Leaving there, we drove to the nearby Museum of the Cherokee Indian, and upon entering we embarked on a moving journey through intriguing displays of the Cherokee people, with their amazing resilience and will to survive well documented and told. We learned so much about the history of the Cherokees and found the displays and stories both amazing and sad. Having always been fascinated with Native Americans and their history, I found it completely fascinating and felt tremendously heart broken for all who were forced to leave their beautiful homes here in the Smokies, and made to walk hundreds of miles leading to Oklahoma, with thousands of them, mostly women and children dying along the way . . . truly shameful it was!

the cherokee indian museumA life-sized diorama inside the museum

Watching the “Unto These Hills” Drama

After a quick supper, we made our way to an outdoor amphitheater, where we were treated to a spectacular production entitled “Unto These Hills”. Having wanted to see this since I was a young girl, I was totally thrilled! This amazing drama has been in operation for over 60 years now, and takes the audience through Cherokee history, from their first contact with Europeans to the tragic and infamous “Trail of Tears”. As the story unfolded on the larger than life outdoor stage, the sun set behind the mountains, and under the glow of summer stars above the stunning Eagle Dance was performed, transporting the mesmerized audience to another time and place! All too soon our delightful day was coming to an end, as we drove the winding Park road back home, while enjoying the stunning views created as the  light from the “super moon” danced across the ridges of the mountains, falling and rising, lighting up the nighttime sky, while illuminating the valleys and crevices below. It was both magical and beautiful, and a perfect end to a perfect day!

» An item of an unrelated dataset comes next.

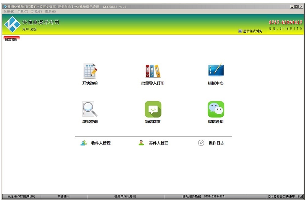 开博快递单打印软件(简称:KEXPRESS)专用于套打各种单据,操作简便快捷,界面清晰易懂,兼具灵活且强大的自定义配置功能,可同时打印普通快递单和热敏电子快递单。相比较其他同类软件,KEXPRESS不仅仅能胜任打印快递单,还可以方便扩展到如下的套打场景:银行票据、财务票据、财政税务、协议合同、销售发货及仓存进出库单据、售前售后服务单据、工作联系单据等等;同时,KEXPRESS采用先进的多层架构和高效数据库存储技术,支持联网多用户同时使用,也可直接放U盘使用。

eagle dance performed at unto these hillsThe stunningly beautiful Eagle dance being performed

eagle dance at unto these hills

two clans from unto these hillsTwo Indians representing two of the Cherokee Clans

Another morning this past week we were joined by Kit, and enjoyed tubing the Little River here in Townsend, which we thankfully had mostly to ourselves! Starting our whitewater adventure inside the Park at the Wye, I followed behind Kit as he started down the first rushing cascade. I was most impressed when he unintentionally left his tube, and body-surfed down the swift moving white water! A small group of kids watching from the nearby river’s edge were thoroughly impressed as well! Having already started making my way down the cascade when it happened, I suddenly found myself heading directly for Kit who was by this time perched on a rock in the middle of the river. No matter how frantically I tried to redirect or stop myself, the water was much stronger than I, and after plunging over the cascade I plowed right into him! Miraculously, instead of bowling him over, I grabbed onto his arm, thus helping him to stand against the amazingly strong current, where he was able to make his way over to the bank. Needless to say, we have to go back, since he has a score to settle with the river!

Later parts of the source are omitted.